Nowhere Boy Review


Release Date (UK) – 25 December 2009
Certificate (UK) – 15
Country – UK
Director – Sam Taylor Wood
Runtime – 97 mins
Starring – Aaron Johnson, Anne-Marie Duff, Kristin Scott Thomas

Lets be clear, Nowhere Boy is not a biopic. What it is, is an emotional drama, focusing on John Lennon’s teenage years and the triangular relationship between him, his mother Julia and his Aunt Mimi who cared for John from the age of 5. Since seeing the film I’ve again watched the trailer and it may mislead some audiences into thinking it is much more about the early Beatles and their music than it really is – in fact the word ‘Beatles’ isn’t spoken aloud even once during the film.

The film begins when John (Aaron Johnson) is a teenager. The sudden death of his uncle leads to a reunion with his mother Julia (Anne-Marie Duff) whom he has barely seen since she abandoned him (in circumstances that the film later delves into at its emotional climax). Governed by the strict rules of his aunt Mimi (Kristin Scott Thomas) at home, John escapes to clandestine meetings with Julia and it is through her that his passion for rock music develops.

Julia is obviously some sort of manic depressive, passionately dancing away one moment and in floods of tears refusing to answer the door to John the next. Duff captures this instability with just the right balance of normal and volatile behaviour whilst David Morrissey as her new husband has a small but apt comic turn. However it’s Scott Thomas who really steals the show, as a strict parental figure for John she is incredibly daunting but her emotional performance shows this is purely out of love for John. Meanwhile Johnson himself is fairly credible, combining Lennon’s infamous sarcasm with charm and charisma in both his mannerisms and musical performances.
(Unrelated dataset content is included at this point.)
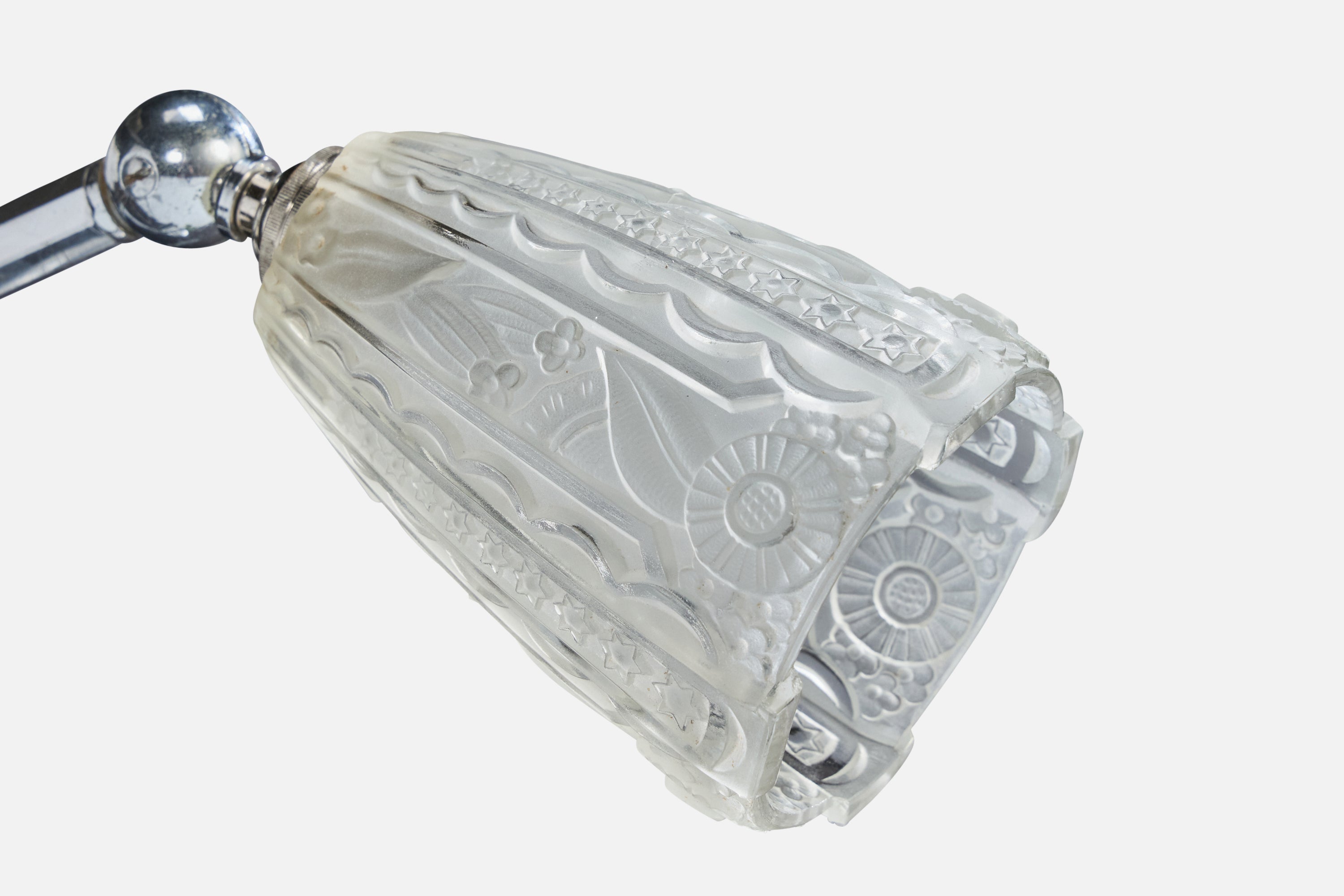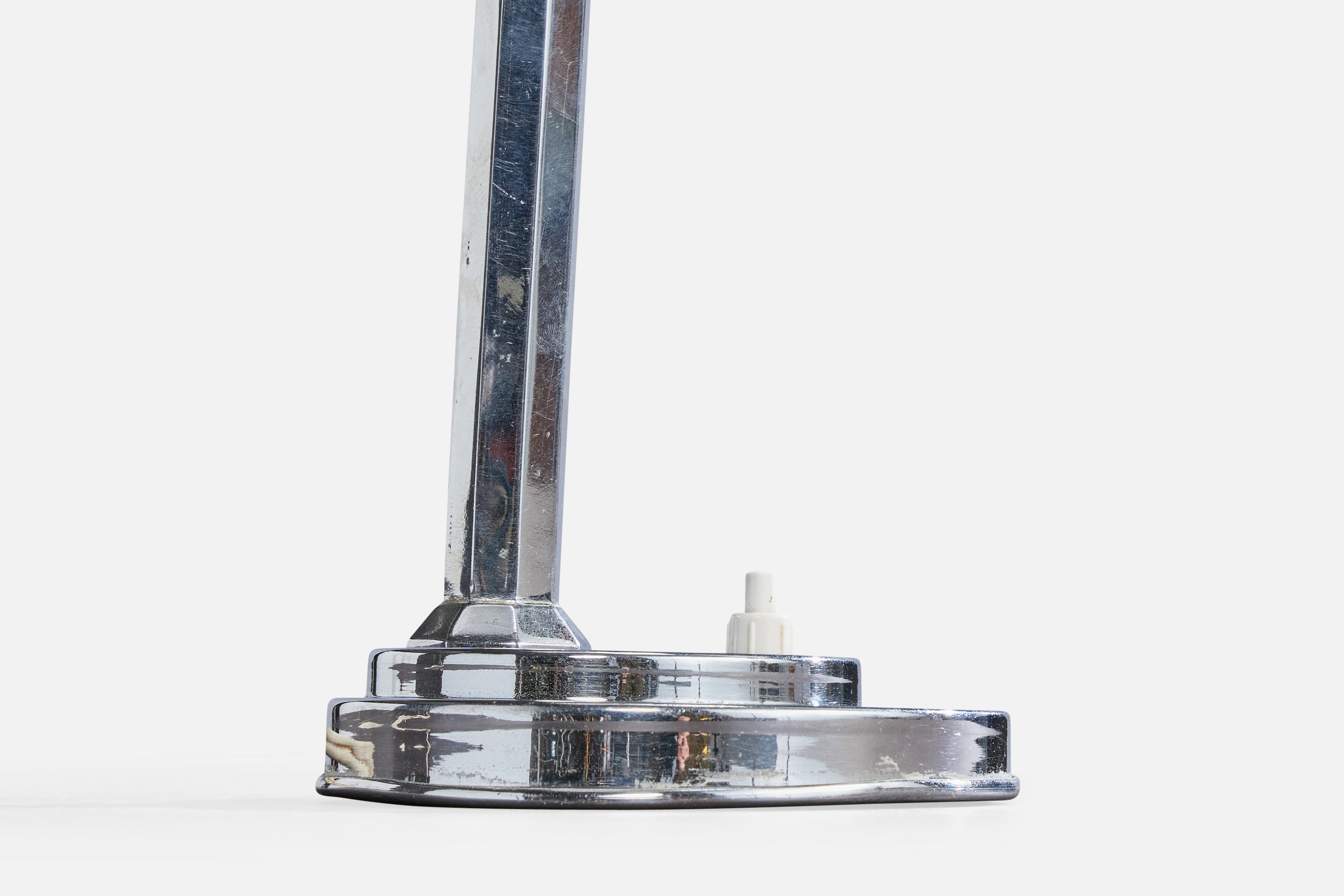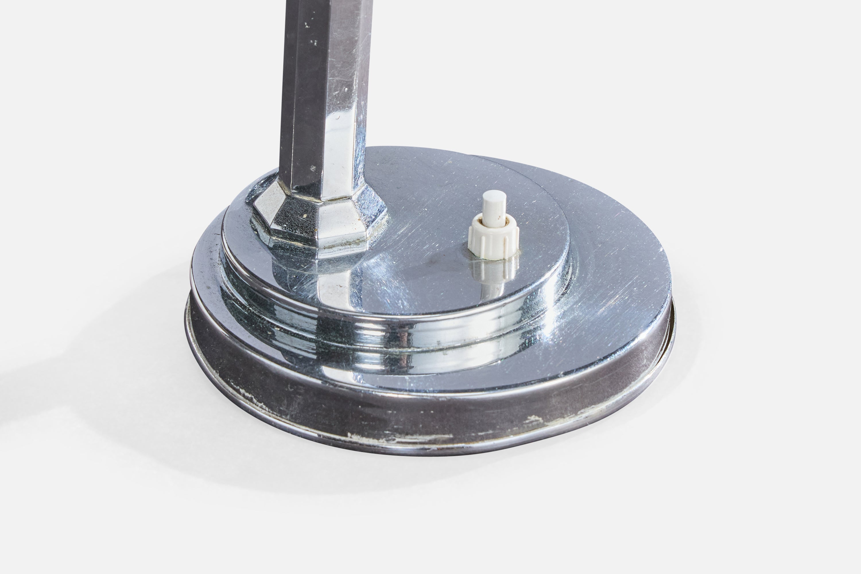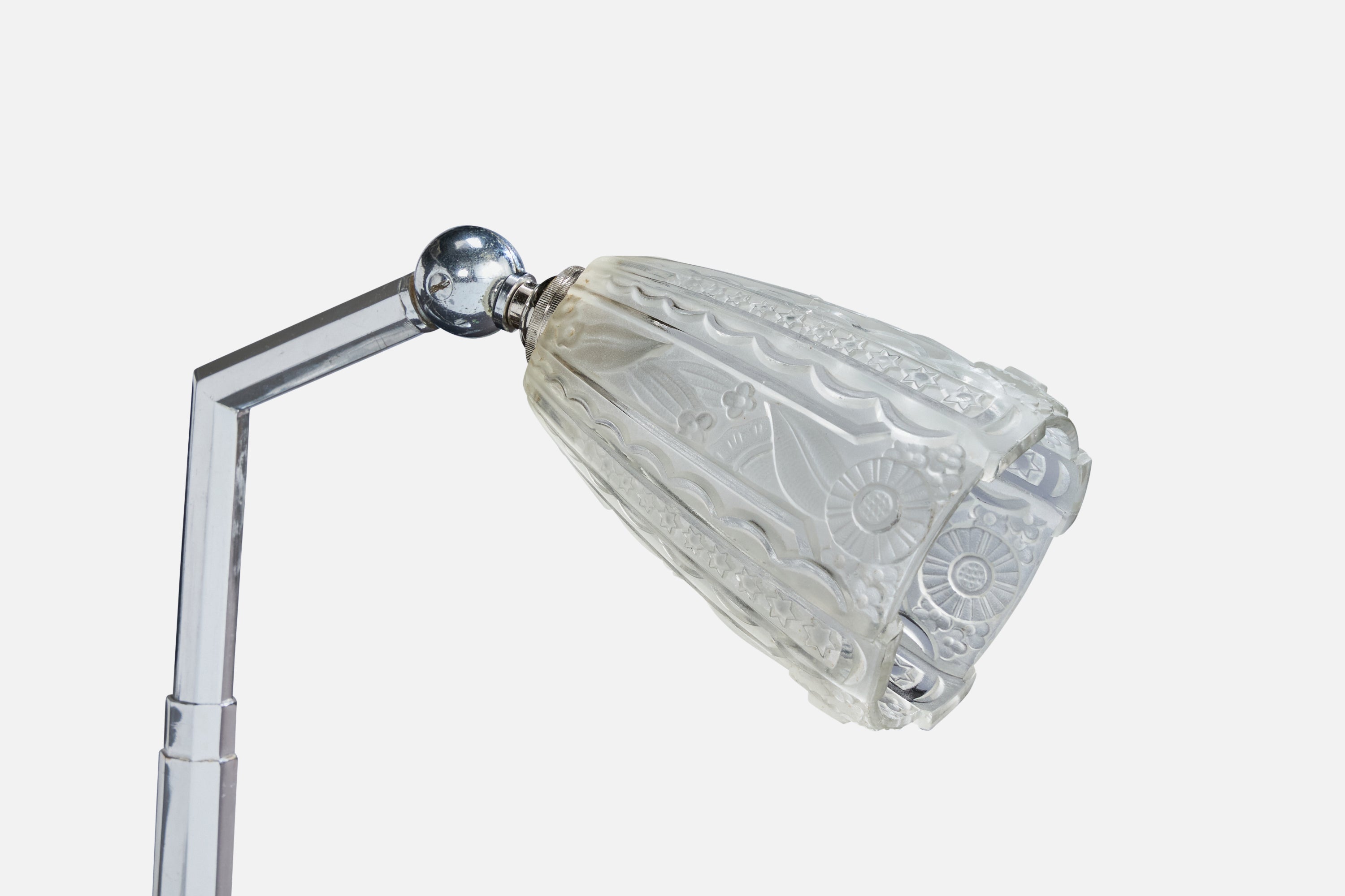 An adjustable chrome metal and glass table lamp designed and produced in France, c. 1930s.

Writer Matt Greenhalgh penned the well-regarded Ian Curtis biopic Control and thus is used to the music star context. The Nowhere Boy script effectively juxtaposes the emotional plot with a sufficient amount of jokes but the musical performances of Lennon and the quarrymen feel slightly dotted around the story and don’t quite gel. 1950’s Liverpool is recreated down to a tee, and this emotional teen focused story set within a period piece made me constantly compare the film to the recent film An Education. It seems that the British film industry is finding its latest successes in making dramas about youth, whether they be the youth of today in films like Fish Tank or of the past such as in these two films.

Sam Taylor Woods short film Love you More was nominated for the Palme d’Or at Cannes last year and at the Q and A after the screening she revealed that after this she basically had her pick of scripts. Many people will be surprised how mainstream a film she has chosen for her first feature, coming from a Turner Prize nominated artist. The film premiered at this years London Film Festival so comparisons will be drawn to another Turner Prize nominee (and winner) Steve Mcqueens whose Hunger also got a gale screening at last years LFF, but Hunger is a much more of an abstractive artists piece than this linear film which will have wide appeal.

Nowhere Boy is a film that will definitely aspire to get a cult status especially with die hard Beatles fans, but it will disappoint those who are looking for a film more determinedly about The Beatles and their music. Seen as a British film rather than a music biopic though, this is an enjoyable, humorous and surprising film. The only real let down is the occasionally sloppy Liverpool accents – and this can simply be put down to Taylor Woods inexperience. Nowhere Boy is out now in the UK and is a beautifully filmed and woven piece of storytelling that I heartily recommend.